Once again we’re in the “white room” and there’s a lot of talking. It’s not all talking, so that’s good, but wouldn’t you like to know what Sundancer looks like. I do, but right now it’s in my head. I have so got to get it out.

Another thing I’ve alluded to, but never really said is that they have speed healing. This would be a great scene to put it in. I started thinking about his mouth and gums, how he had steam coming out of his mouth. It’s not possible for him to be unhurt. When was the last time you drank scalding coffee or tea and wished you hadn’t?

Also, notice how with the names, Serchk and Sundancer, we start to have a lot of alliteration going on in the middle of page 19. I’ve underlined all the S’s just so I remember to change something.

Well, I have a lot of work ahead of me to get this part whipped into shape. Bring it on!

Happy writing.

Have you found your writing flow?

In last Sunday’s post, I mentioned how my first drafts are heavy on the action and dialogue and include minimal setting details. I didn’t figure this out overnight. In fact, I didn’t even figure it out myself. My critique partners mentioned it when they asked why I didn’t write screenplays. Both of them were very aware that I saw my stories in a cinematic fashion and I do; I see everything as if I’m watching a movie. They told me that I should stick with my strengths and let a set designer and costumer do the rest of the work.

The fact is that screenwriting is a difficult industry to get into. I certainly don’t have the connections to make it happen, not without more work than I want to put in. I’d rather do a couple more subsequent drafts of adding the detail.

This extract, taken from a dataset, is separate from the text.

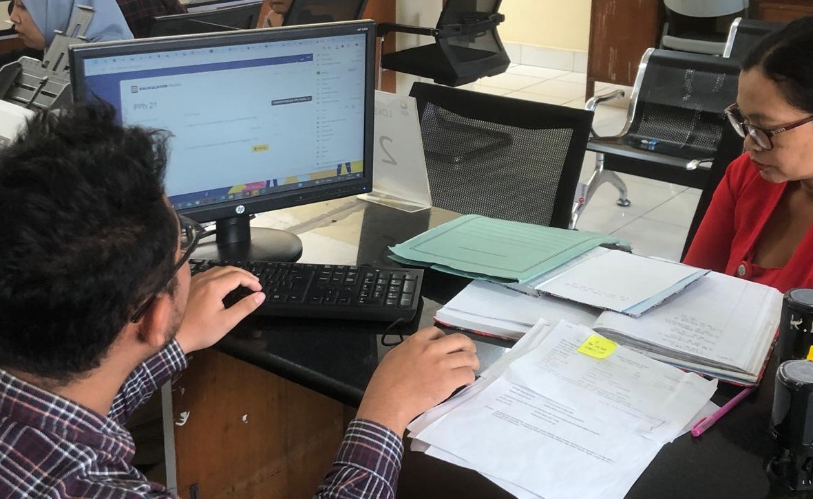 Pelaksana Kantor Pelayanan, Penyuluhan, dan Konsultasi Perpajakan (KP2KP) Amlapura, Baharuddin Khoirul Rizal memberikan asistensi kepada Wajib Pajak Bendahara dalam menggunakan Aplikasi Kalkulator Pajak di KP2KP Amlapura, Karangasem (Kamis, 29/8).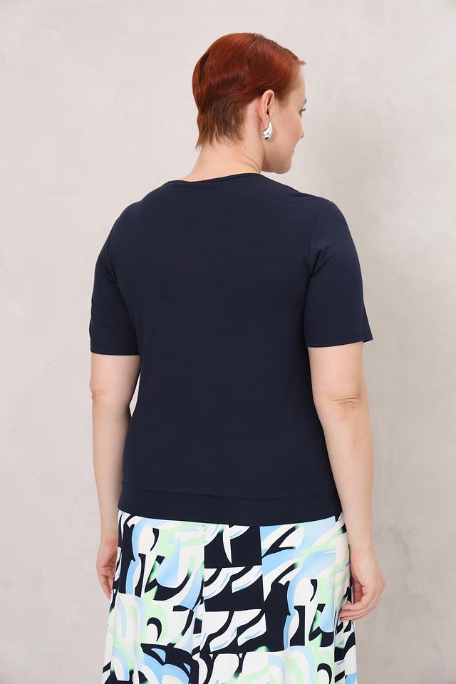 Темно-синяя блуза Frank Walder из вискозы с короткими рукавами и округлым вырезом. Модель дополнена элегантной драпировкой в области горловины, придающей образу женственность и изысканность. Состав: вискоза 93%, эластан 7%

Here’s a colorful tip for getting a visual on your strengths:

Take some highlighters, none that will cover up your text or make it difficult to see what you’ve written and start going through your manuscript. Color dialogue in yellow (or the color of your choosing), setting and other detail words in blue, thoughts, internalization, or point of view indicators in pink, and everything that is left will be narrative.

Let’s have an example (since I can’t highlight, I will change the font color):

Caitlyn looked out the window at the darkening sky while she parted the heavy, velvet drapes with her hands. With the sun fading behind the clouds, she could dare to open up her world some. She reached down to put on her sunglasses, which hung from a chain around her neck. Her grandmother had always kept a pair of reading glasses on this chain, but Caitlyn didn’t need cheaters like that. Dark lens were another thing.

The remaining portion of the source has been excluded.